By Douglas Booth View In Digital Edition
What is a continuity test? I say it depends on your particular use. In my case, it’s usually either for beeping out cables or for beeping out printed circuit board (PCB) assemblies.
I design and build functional equipment to test PCB assemblies. This involves making all sorts of custom cables and the custom board assemblies. The latter often involve hand-soldering SMT components, such as my favorite 80-pin fine-pitched microcontroller. There is plenty of opportunity for error, and a continuity tester is very handy for detecting both shorts and opens.
Somewhere in the 25 ohm area has proven to be a convenient trip point for my use. In other words, if the resistance between my continuity tester probes is less, I get a beep; if the resistance is more, there’s no beep.
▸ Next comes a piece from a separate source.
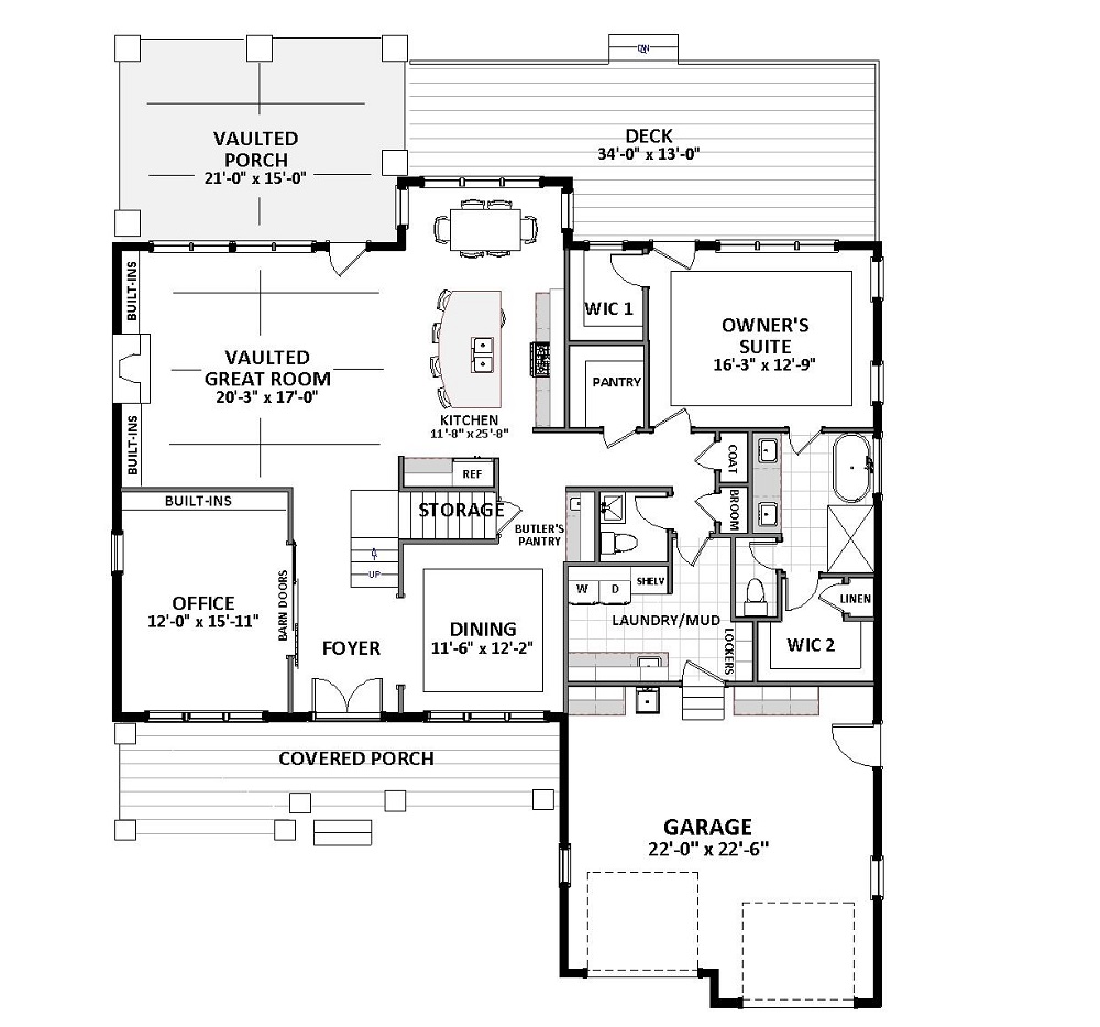 Each set of construction documents includes detailed, dimensioned floor plans, basic electric layouts, cross sections, roof details, cabinet layouts and elevations, as well as general IRC specifications. They contain virtually all of the information required to construct your home. The typical plan set does not include any plumbing, HVAC drawings, or engineering stamps due to the wide variety of specific needs, local codes, and climatic conditions. These details and specifications are easily obtained from your builder, contractors, and/or local engineers.

For years, I used a simple op-amp based circuit with two AAA batteries, some resistors, and a piezo electric beeper. It served me well, but had two drawbacks:
Most multimeters have a built-in continuity tester, but these also have problems:
During a recent vacation, I challenged myself to come up with a design that suits my needs. Most of the time, I go straight for a microcontroller, but this time I decided to use only non-programmable components. I also decided to use only through hole components, to make soldering easier. (I did cheat on this with two SMT transistors, but they are quite large, SMT-wise, and easy to work with.)
Here is my list of requirements:
The schematic is shown in Figure 1. The only IC is the LM339 comparator. The two N-channel MOSFETs may be a bit overkill, but they are fairly inexpensive, and I had several on hand. The resistors are all 1% 1/4 watt, and the 100 µF capacitor is a simple aluminum electrolytic.
FIGURE 1. Schematic of the continuity tester.
The power control section is centered around Q1, which is the N-channel MOSFET. It’s being used here as a very low resistance switch to DC ground. Until you press the on button, this circuit draws almost zero current from the batteries. When you do press the on button, capacitor C1 charges up very quickly and Q1 turns on, which provides a ground (which is labeled SW_G) for the circuitry above. The tester is now up and running, and draws about 16 mA while idle (considerably more when beeping). You need to press the on button only briefly to charge C1, then C1 begins discharging slowly through the two megohm resistor.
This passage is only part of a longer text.